**Task item**
The answer should be the exact lines from the line containing "Exklusive Kalender für" through the last line of the material below, with no pictures.

**Supplied data**
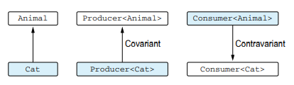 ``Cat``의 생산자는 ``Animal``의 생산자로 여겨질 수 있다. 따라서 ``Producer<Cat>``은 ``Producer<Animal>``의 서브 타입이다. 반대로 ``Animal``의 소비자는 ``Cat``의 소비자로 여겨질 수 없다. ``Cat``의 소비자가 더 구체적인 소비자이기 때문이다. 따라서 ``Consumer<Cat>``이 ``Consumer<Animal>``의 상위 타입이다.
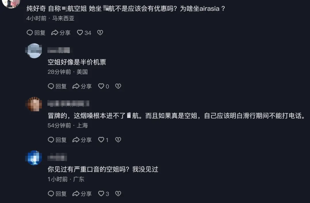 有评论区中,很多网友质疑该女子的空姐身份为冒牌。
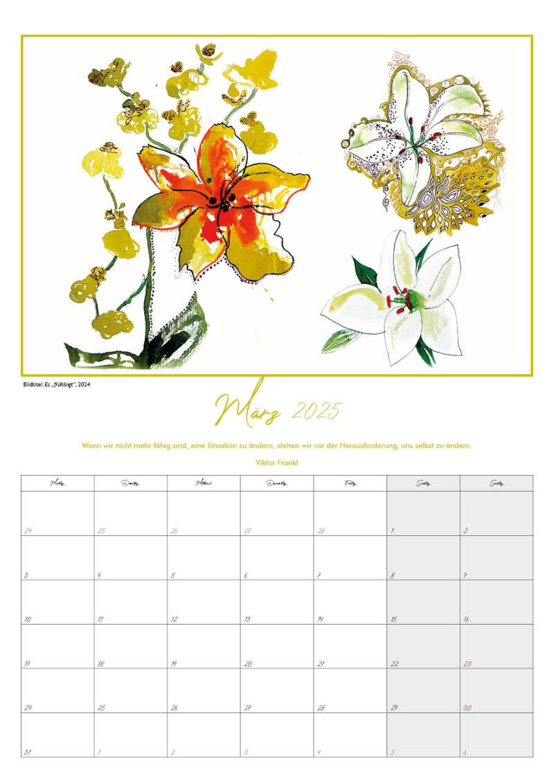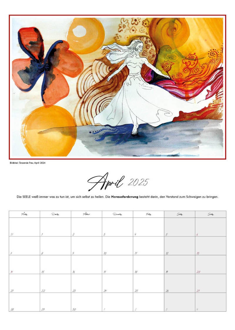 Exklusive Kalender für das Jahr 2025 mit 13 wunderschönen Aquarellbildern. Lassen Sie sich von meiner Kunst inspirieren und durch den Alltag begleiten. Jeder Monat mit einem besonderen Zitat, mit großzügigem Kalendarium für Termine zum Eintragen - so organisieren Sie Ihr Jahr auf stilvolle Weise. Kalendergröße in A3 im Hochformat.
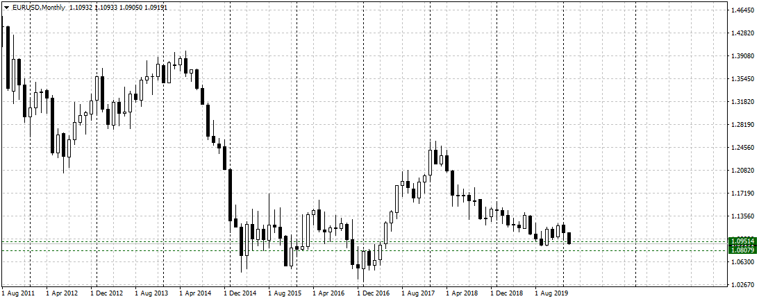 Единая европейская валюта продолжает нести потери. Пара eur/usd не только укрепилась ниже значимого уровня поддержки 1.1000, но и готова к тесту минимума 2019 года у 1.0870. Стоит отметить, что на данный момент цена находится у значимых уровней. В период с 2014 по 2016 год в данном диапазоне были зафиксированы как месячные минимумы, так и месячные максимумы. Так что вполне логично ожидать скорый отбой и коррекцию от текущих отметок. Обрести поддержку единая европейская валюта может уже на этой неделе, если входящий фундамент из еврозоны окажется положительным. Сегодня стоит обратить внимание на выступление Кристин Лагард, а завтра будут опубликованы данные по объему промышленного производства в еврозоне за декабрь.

**Reply**
 Exklusive Kalender für das Jahr 2025 mit 13 wunderschönen Aquarellbildern. Lassen Sie sich von meiner Kunst inspirieren und durch den Alltag begleiten. Jeder Monat mit einem besonderen Zitat, mit großzügigem Kalendarium für Termine zum Eintragen - so organisieren Sie Ihr Jahr auf stilvolle Weise. Kalendergröße in A3 im Hochformat.
 Единая европейская валюта продолжает нести потери. Пара eur/usd не только укрепилась ниже значимого уровня поддержки 1.1000, но и готова к тесту минимума 2019 года у 1.0870. Стоит отметить, что на данный момент цена находится у значимых уровней. В период с 2014 по 2016 год в данном диапазоне были зафиксированы как месячные минимумы, так и месячные максимумы. Так что вполне логично ожидать скорый отбой и коррекцию от текущих отметок. Обрести поддержку единая европейская валюта может уже на этой неделе, если входящий фундамент из еврозоны окажется положительным. Сегодня стоит обратить внимание на выступление Кристин Лагард, а завтра будут опубликованы данные по объему промышленного производства в еврозоне за декабрь.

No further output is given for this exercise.